10. Produce `observability-cost-readiness.md` (signal inventory, alarm→SLO→runbook map, retention, budget/anomaly config, FinOps tag-coverage, commitment posture) plus the gap list with ADR candidates and the named handoff list. Validate against observability-, deployment-standards, naming-conventions, and architecture-schema.

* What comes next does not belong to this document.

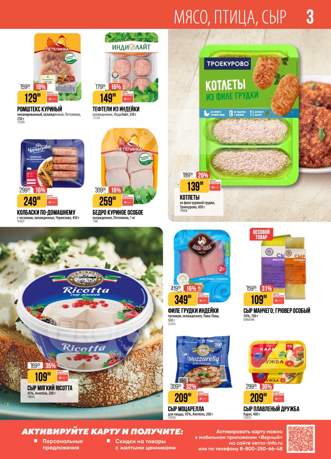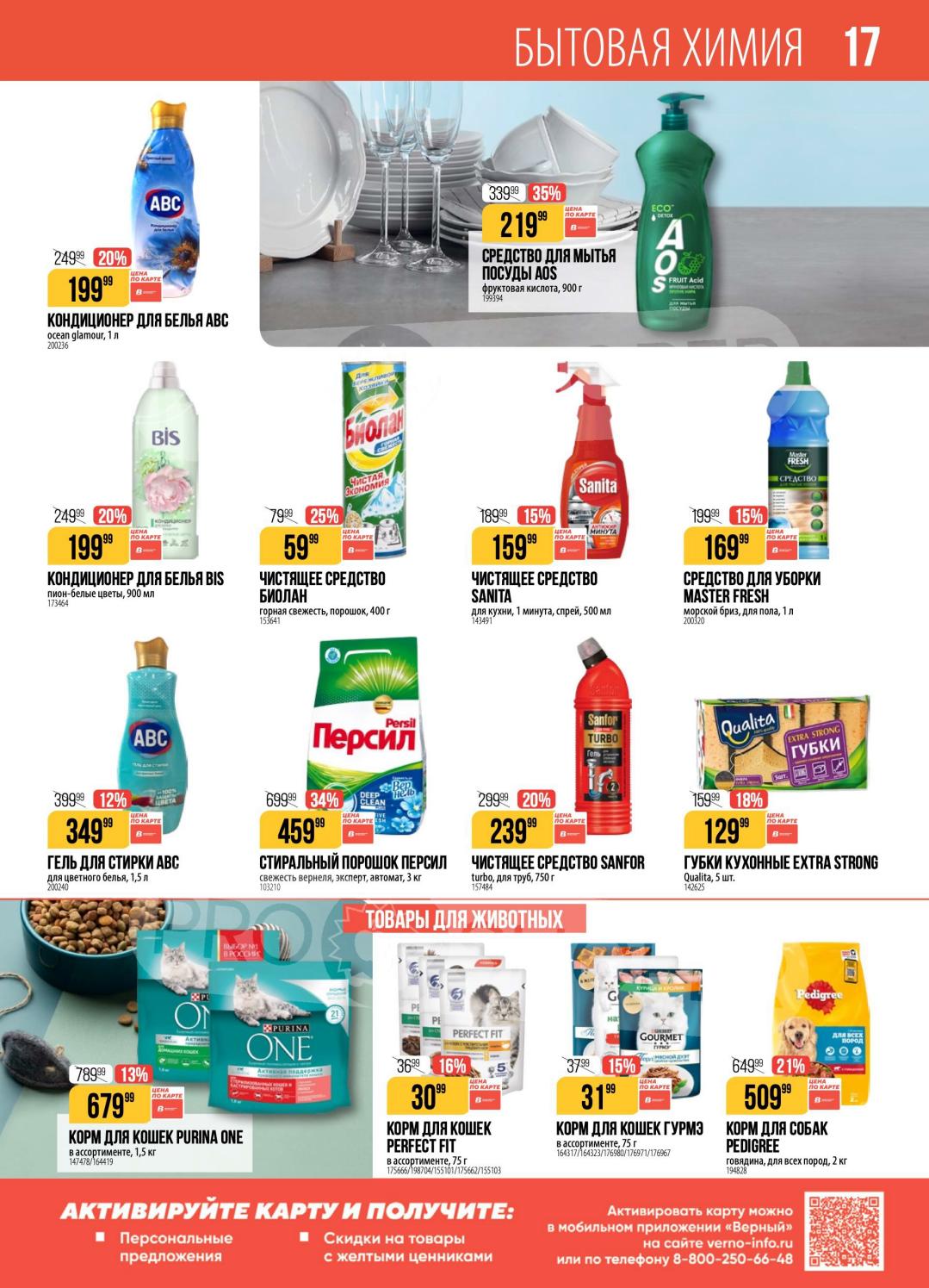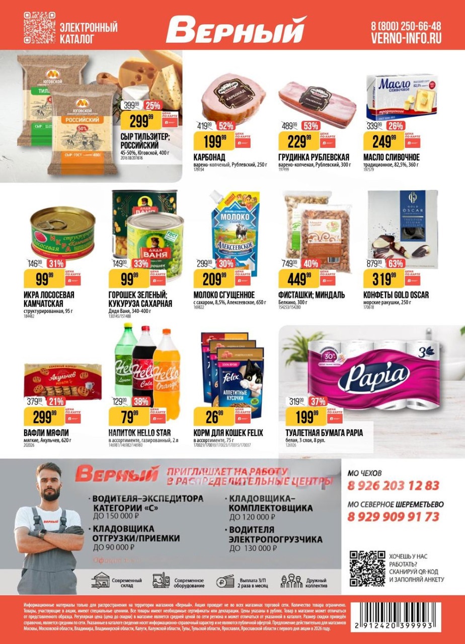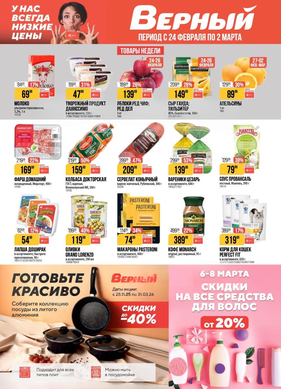 На страницах каталога Верный вы найдете все свои любимые товары, которые сейчас предлагаются в супермаркете. Еженедельное снижение цен на определенные виды, как продовольственных, так и хозтоваров. Цены по акции Верный действуют в городах: Москва, Балашиха, Химки, Подольск, Королев, Мытищи, Люберцы, Электросталь, Коломна, Одинцово, Железнодорожный, Серпухов, Орехово-Зуево, Красногорск, Щелково, Сергиев Посад, Пушкино, Жуковский, Ногинск, Раменское, Клин, Воскресенск, Домодедово и многих других населенных пунктах Московского региона.

Revise until all pass or the gap is documented.

## Outputs

Required:

- CloudWatch metrics + ADOT collection wiring for the runtime primitives.
- Structured CloudWatch Logs with tier-based retention and PII/secret redaction.
- X-Ray/ADOT tracing with context propagation and trace↔log correlation.
- SLO dashboards and alarms, each tied to an SLO/failure mode, severity, destination, runbook.
- AWS Budgets (owner + breach action), Cost Anomaly Detection, Cost Explorer tag-dimension views.
- FinOps tag-coverage report consuming the org-defined keys (not redefining them).
- Savings Plans / RI commitment posture with a coverage target.
- `observability-cost-readiness.md`, the gap list with ADR candidates, and the named handoff list.

Output rules:

- IaC-ready definitions, not click-ops or prose-only; not the Terraform module/state mechanics.
- No orphan alarms; no PII/secrets in log groups; no budget without an owner and a breach action.
- The mandatory tag policy is consumed, not redefined or re-enforced here.
- Org/tag-policy enforcement, network/identity, runtime, DR, and IaC mechanics are named handoffs.

## Quality checks

- [ ] Observability substrate, alert destinations, and runbook hooks are sourced from `architecture/operations`; cost budgets and commitment strategy from `architecture/performance` (or an ADR candidate is raised).
- [ ] The mandatory tag keys are consumed from `aws-account-and-organization-topology`; this skill does not redefine or re-enforce the tag policy.
- [ ] The workload emits metrics, structured logs, and propagated traces; trace↔log correlation works.
- [ ] Log retention is tier-based and PII/secrets are redacted in the pipeline (never reach the log group).
- [ ] Every alarm maps to an SLO or failure mode, with tier severity, an upstream destination, and a named runbook — no orphans.
- [ ] AWS Budgets have an owner and a defined breach action; Cost Anomaly Detection is wired to a destination.
- [ ] Cost Explorer views and cost allocation use the org-defined tag dimensions; an untagged-resource/tag-coverage report exists.
- [ ] Savings Plans / RI posture has a coverage target tied to steady baseline load per `architecture/performance`.
- [ ] Each alarm was test-fired to its destination and the budget breach action confirmed routable, or the gap is documented.
- [ ] Org/tag-policy enforcement, network/identity, runtime, DR, and IaC mechanics are named handoffs.

## References

- Upstream: [`architecture/operations`](../../../../architecture/operations/SKILL.md), [`architecture/performance`](../../../../architecture/performance/SKILL.md).
- Builds on: [`aws-workload-runtime-and-deployment`](../aws-workload-runtime-and-deployment/SKILL.md) (the runtime this skill instruments).
- Consumes the tag policy from: [`aws-account-and-organization-topology`](../aws-account-and-organization-topology/SKILL.md) (mandatory tag keys + enforcement).
- Related aws archetype skills: [`aws-network-and-identity-foundation`](../aws-network-and-identity-foundation/SKILL.md), [`aws-dr-and-multi-region-readiness`](../aws-dr-and-multi-region-readiness/SKILL.md).
- IaC mechanics handoff: the `terraform` Family H skills own module/state/plan/apply.
- Standards: [`observability-standards`](../../../../../standards/observability-standards/README.md), [`deployment-standards`](../../../../../standards/deployment-standards/README.md), [`naming-conventions`](../../../../../standards/naming-conventions/README.md), [`architecture-schema`](../../../../../standards/architecture-schema/README.md).